Another project Abeje mentioned is the development of a mobile ground robot, that can for example be used on the factory floor. An important aspect of this robot is that it needs to be flexible and modular. So within Abeje’s group, they are trying to work on a modular system that can be controlled with open software, to enable the user to adapt it in a simple and fast manner.

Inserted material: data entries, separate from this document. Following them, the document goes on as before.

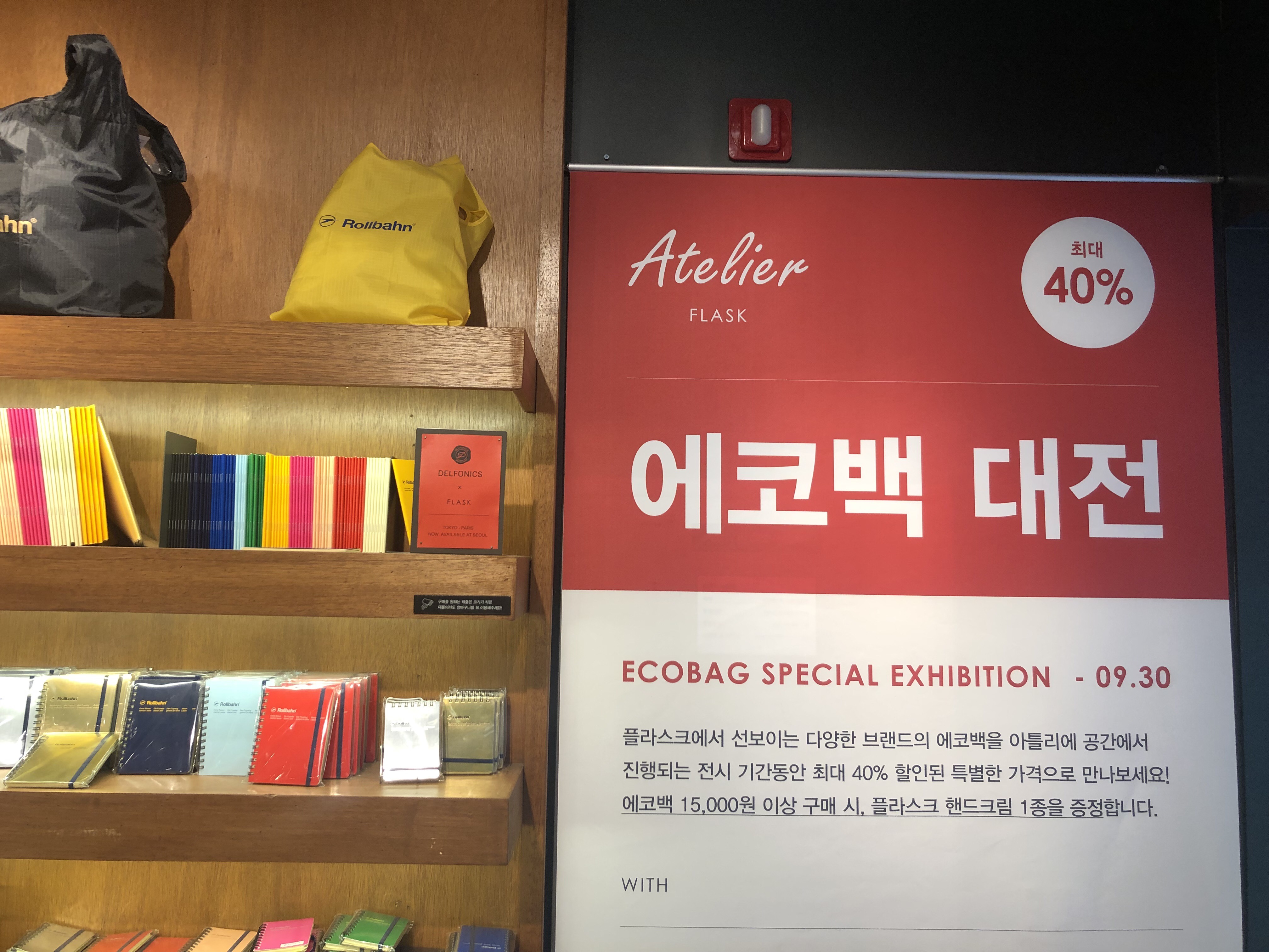 저는 에코백을 구매하기 위해 플라스크에 방문한 것이기 때문에, 바로 에코백 할인이 눈에 뛰게 되었습니다. 15,000원 이상 구매 시, 핸드크림도 증정한다고 하니 바로 에코백 쇼핑을 하게 되었습니다.
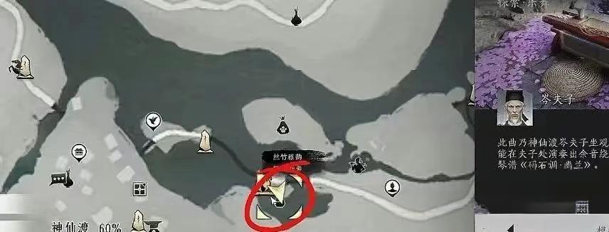 在地图上找到岑夫子并前往获得清河玉弄梅,即可解锁古琴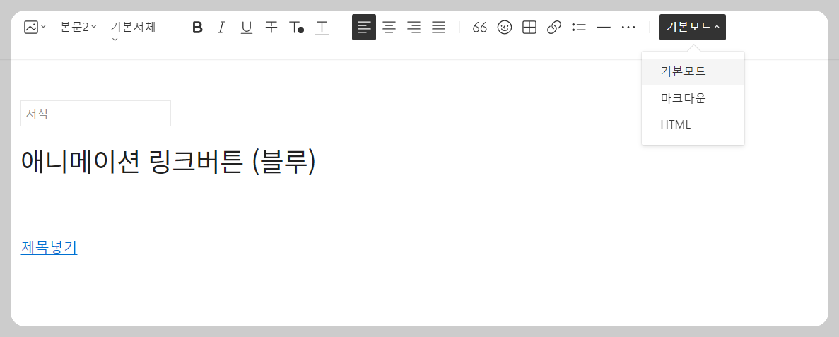 3. '제목 넣기' 부분이 버튼 타이틀을 넣을 곳입니다. 제목 넣기를 지우고 수정해 주세요. 저는 블루버튼으로 바꿔 보겠습니다.
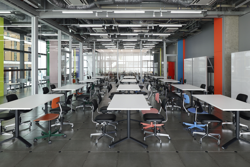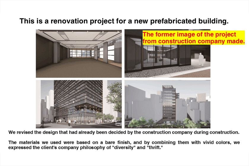 施主の要望は大きく二つ。一つ目の要望は「多様性」と「倹約」という社是の実践。二つ目の要望はリクルートに寄与する事。当時施主はドメスティックな金融業から東アジアを射程にしたIT金融業への変貌の最中で、採用(特にSE)に有利なデザイン性の高いオフィス空間を求めていた。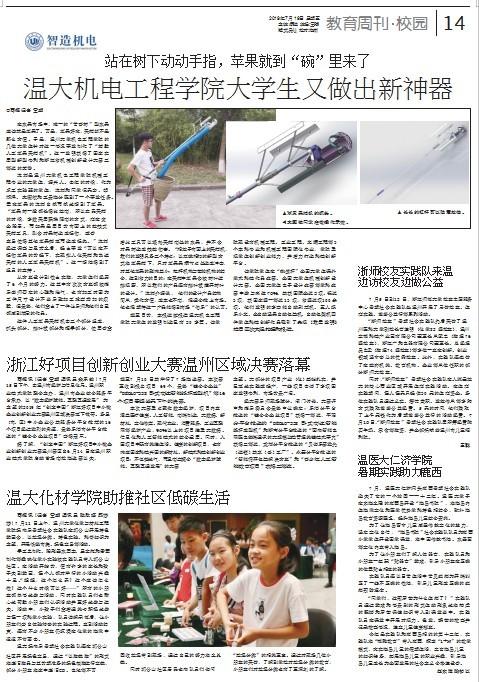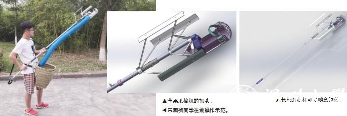 在水果市场中,唯一的“常青树”型水果应该就是苹果了。可是,苹果好吃,采摘却不是那么方便。于是,开云体育-开云体育app下载 的几位大学生针对这一情况研发制作了“辅助人工苹果采摘机”。这一发明获得了国家实用型新型专利和浙江省机械创新设计大赛三等奖的荣誉。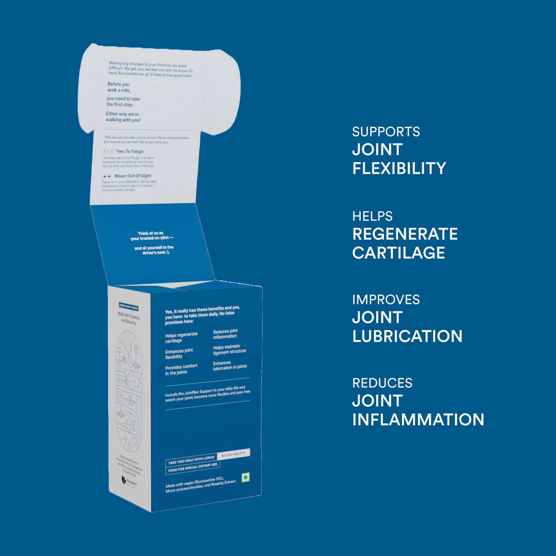 Jointflex is a thoughtfully developed, plant-based joint support supplement designed to nourish, protect, and maintain healthy joints. It combines three carefully selected ingredients—Vegan Glucosamine HCL, Rosehip Extract, and PhytoMPS—to address joint health at the root level rather than offering temporary relief.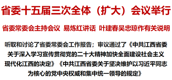 11月22日,中共江西省委十五屆三次全體(擴大)會議在南昌召開。 省委常委會主持會議。省委書記易煉紅受省委常委會委托作了工作報告和講話。 全會聽取和討論了省委常委會工作報告;審議通過了《中共江西省委關(guān)于深入學(xué)習(xí)宣傳貫徹黨的二十大精神加快全面建設(shè)社會主義現(xiàn)代化江西的決定》和《中共江西省委關(guān)于堅決維護以習(xí)近平同志為核心

When I ask Abeje on what “Industry 4.0” actually is, he first reacts that it is quite a broad term, covering many different developments. Eventually he describes it as the smart use of (big) data to adjust the work or production process in a flexible manner. He did have a look at the course that is being developed within the INDEX project, and thinks that the most important technical bits are covered. But, he mentions, do not forget about the human aspect and the attitude. Most of the industry is rather conservative and work according to methods and protocols that have been used for many years. Industry 4.0 is calling for a change, and it is important to include the human in this process.
In the Netherlands we do not have a major manufacturing industry, Abeje points out. There are a lot of small innovative companies that are front-runners when it comes to digitization, robotics, and modeling of large amounts of data. And although there is quite some entrepreneurial spirit, it would certainly accelerate the implementation of Industry 4.0 if we bring together all these activities. Luckily we are close to Germany, that does have a huge manufacturing industry, in which all of this can be implemented.
On the question how this relates to education, he thinks that within Saxion we do implicitly include various aspects of Industry 4.0 already in the various curricula. It does not mean that we have an explicit course on Industry 4.0, but we do train our students to become familiar with inter- and multidisciplinary work, including digitalization and the value of (big) data. Students are involved in ongoing projects with companies that are dealing with different aspects of Industry 4.0. Abeje thinks that the student nowadays is much better prepared than 10 or 20 years ago. We can always do better, and the INDEX online learning course will certainly help in this.